Sites of interest

The souk is just a stone’s throw from Dar Darma. Marrakesh has one of the largest souks in the world, with an exceptional array of little stores, craft workshops, small trading spots and highly appealing cafés. Do not miss out on a visit.

Ben Youssef Madrasa: This Islamic college is one of the finest examples of traditional architecture in the city and it is only a few hundred metres from Dar Darma. It is a spellbinding place that is open to the public. The building surrounds a central patio and contains a large number of rooms where students lived and studied the Koran.

Marrakesh Museum: Located just a short distance from the Islamic college, the museum contains ethnic and archaeological finds, historical documents and items associated with the traditions and culture of Morocco.

Jemaa el-Fna Square: Colourful and unique. It is the centre of the city and has been named a World Heritage Site by UNESCO. Every day this open-air stage plays host to musicians, acrobats, singing storytellers, improvised acting and fruit sellers. It comes to life once again in the evening as countless stalls are converted into traditional restaurants.

Koutoubia Mosque: A short distance from Jemaa el-Fna Square is the biggest mosque in Marrakesh. The imposing minaret that towers above it is an iconic landmark in the city.

Bahia Palace: This is a fine example of a 19th century residence that is located in the Medina. Abu Ahmed, the vizier of Marrakesh, had it built to house his family, wives and concubines. The structure is beautiful, as are the decorations and the gardens.

Saadian Tombs: Refined decorations embellish the traditional architecture of these tombs, which are found near the Kasbah Mosque.
Beautiful rosemary hedges and orange trees can be found in the garden.

Majorelle Garden: This was the garden of Yves Saint Laurent’s first home in the city.

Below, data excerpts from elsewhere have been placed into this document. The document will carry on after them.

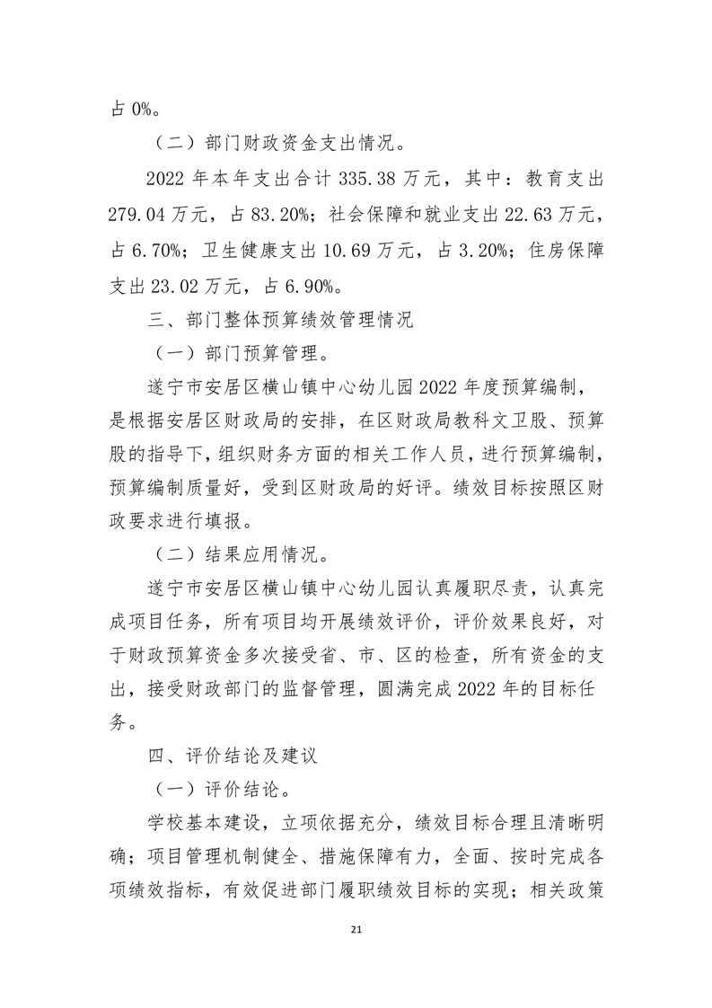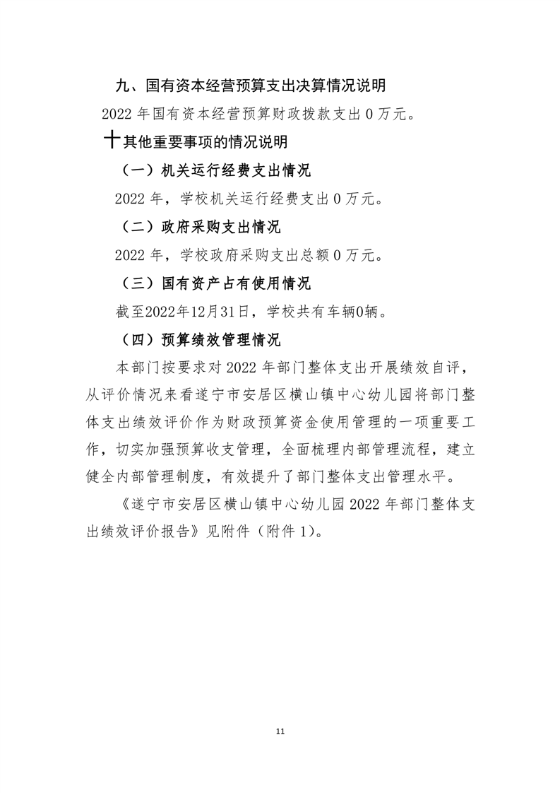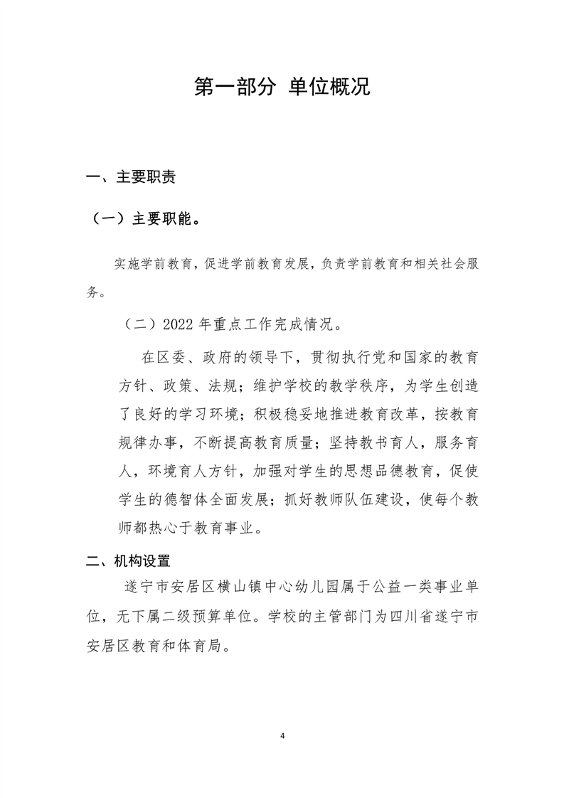 遂宁市安居区横山镇中心幼儿园2022年单位决算
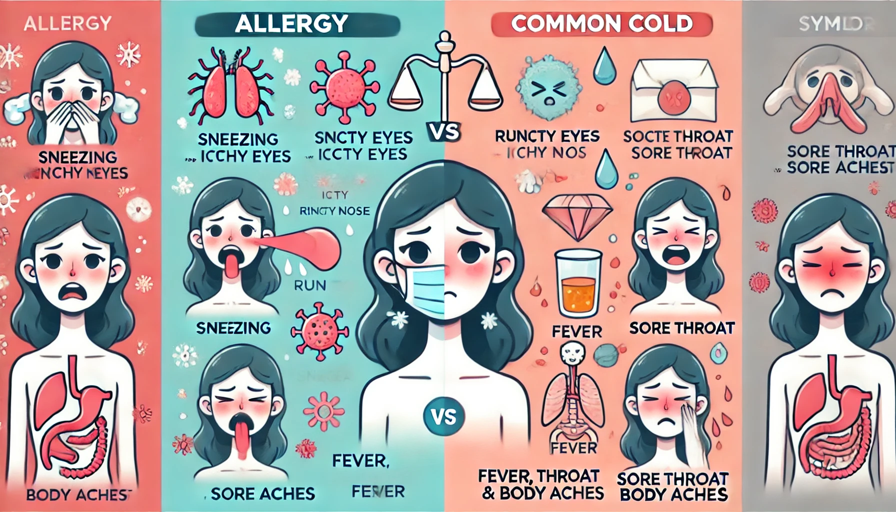 감기와 알레르기는 증상이 비슷하지만, 알레르기는 열이 없고 맑은 콧물이 오래 지속되는 것이 특징이에요.
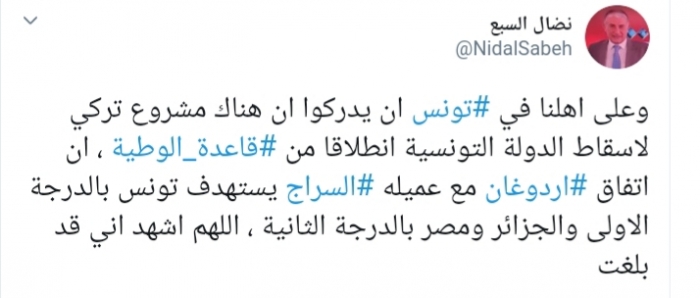 وكتب عبر تغريدة له على "تويتر" رصدها " المشهد العربي": "وعلى أهلنا في تونس أن يدركوا أن هناك مشروع تركي لإسقاط الدولة التونسية انطلاقا من قاعدة الوطية".
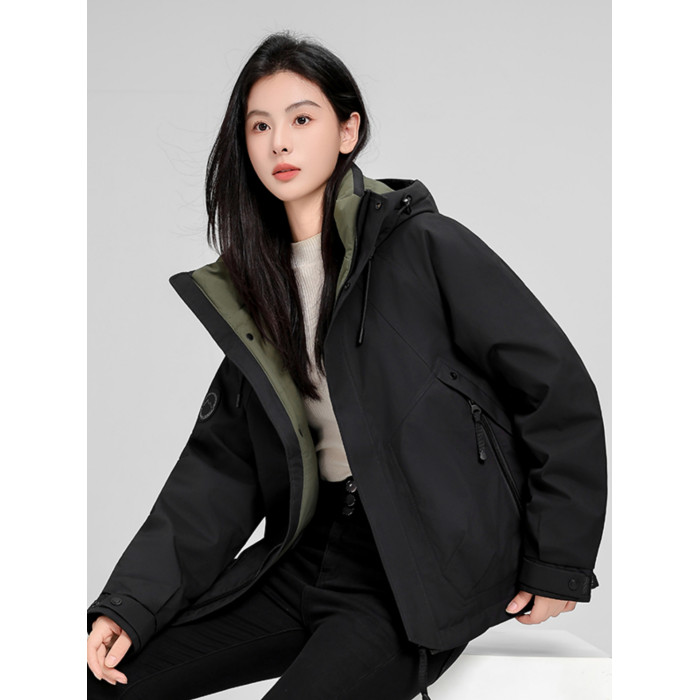 鴨鴨羽絨服男女款2025冬季短款白鴨絨休閒工裝沖鋒衣防寒大碼外套
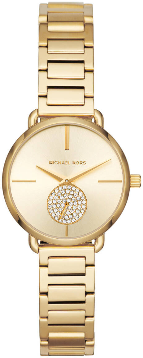 Michael Kors Portia MK3838 -rannekello on siro ja sievä ajan näyttäjä. Kellon runko ja turvalukollinen ranneke ovat valmistettu kullan väriseksi pinnoitetusta ruostumattomasta teräksestä. Ominaisuutena kellosta löytyy myös erillinen sekuntiosoitin. Kellon rungon leveys on 28mm ja paksuus 7mm. Rannekkeen leveys kiinnityskohdasta on 12mm. Michael Kors kelloille myönnetään kahden vuoden takuu ja ne toimitetaan valmistajan alkuperäisessä pakkauksessa. Voimme kaivertaa veloituksetta kellon takakanteen esimerkiksi nimikirjaimet ja päivämäärän (maksimissaan 15 merkkiä). Valitse ensin kaiverrus ja kaiverruksessa käytettävä tekstityyli ja kirjoita kaiverrettavat tiedot "kaiverrettava teksti" -kenttään. Huom! Kaiverretuilla tuotteilla ei ole palautusoikeutta!
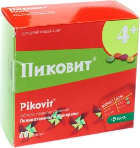 Поливитамины с макроэлементами. Пиковит содержит 10 наиболее важных витаминов, а также кальций и фосфор. Витамины группы B (B1, B2, B6, B12, пантотеновая кислота и никотинамид) участвуют в метаболизме углеводов, белков и жиров. Фолиевая кислота (витамин B9) неактивна, однако в организме она превращается в биологически активный кофермент - тетрагидрофолиевую кислоту, который необходим для биосинтеза нуклеиновых кислот. Он усиливает рост и участвует в созревании эритроцитов. Фолиевая кислота участвует в образовании и регенерации тромбоцитов и их функции. Ретинол (витамин А) необходим для развития эпителиальных клеток и синтеза зрительного пигмента. Колекальциферол (витамин D) участвует в обмене кальция и способствует правильной минерализации костей и зубов. Аскорбиновая кислота (витамин С) ускоряет абсорбцию железа и принимает участие во многих окислительно-восстановительных процессах в организме. Кальций и фосфор играют ключевую роль в минерализации костей и зубов. Ионы кальция активизируют многочисленные ферменты, они принимают участие в регулировании тонуса сердечной мышцы, в передаче нервных импульсов и регулируют проницаемость мембран клеток. Водорастворимые витамины (витамины группы B, витамин C и биотин) хорошо абсорбируются в количествах, соответствующих суточным потребностям организма. Количества, превышающие уровень насыщения тканей, выводятся почками и, в меньшей степени, через ЖКТ. После приема внутрь жирорастворимые витамины A и D хорошо абсорбируются из тонкой кишки в присутствии жиров. Более высокие количества жирорастворимых витаминов накапливаются в печени и, поэтому, являются более токсичными, чем водорастворимые витамины.
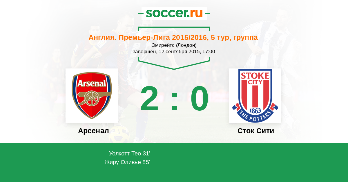 Протокол матча Арсенал против Сток Сити
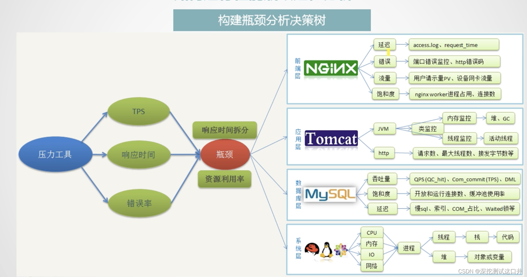 链路监控(APM监控)—链路追踪,埋点各个接口的函数或类的链接关系,请求链路。目的就是找出拿个环节消耗时间最长,那么性能瓶颈定位分析就指向哪个环节。

It is a delightful haven of greenery and relaxation in the new town, with a vast selection of African plants. There is a memorial to YSL, who asked for his ashes to be scattered here, and a little museum with photographs and documents that offer a glimpse into the past.

El Badi Palace: This was an imperial residence during the reign of the Saadian dynasty that was built in the 16th century. Its fascinating ruins are all that remain today.

Menara: These vast gardens are located just outside the city, on the way to the airport. Olive groves stretch as far as the eye can see around a huge basin of water and an elegant (now disused) pavilion which were built by ancient rulers who came here to cool off during the hottest months of the year. Local families still flock to the gardens for the same reason on summer weekends.



A drink in the city

The city is teeming with traditional and highly contemporary cafés and bars. Below are a few that you might like to visit.

Café de la Poste: A place in the new town with a colonial atmosphere. It serves its own take on international and Moroccan cuisine and drinks.
It is popular with foreigners and artistic residents of Marrakesh.

Le Comptoir: A busy, modern setting. The French and Moroccan cultures come together in its cuisine, furnishings and music. In the evening there are DJs, musicians and dances from the East that are given a modern vibe.

Dar Cherifa: This is a literary café in the Mouassine area of the Medina. It is situated in an old residence that has been restored with a minimalist style. It organizes regular art exhibitions and small traditional music concerts.

Café de France: It has one of the most famous terraces in Marrakesh, which looks out over Jemaa el-Fna Square. Although it is very touristy and its standards have dropped slightly, it is still one of the best places to enjoy a mint tea at sunset.

Café des Epices: This café is on the spices square in the heart of the Medina. It is a good place to take a break while strolling through the souk and enjoy a leisurely drink of tea on the tiny terrace on the top floor.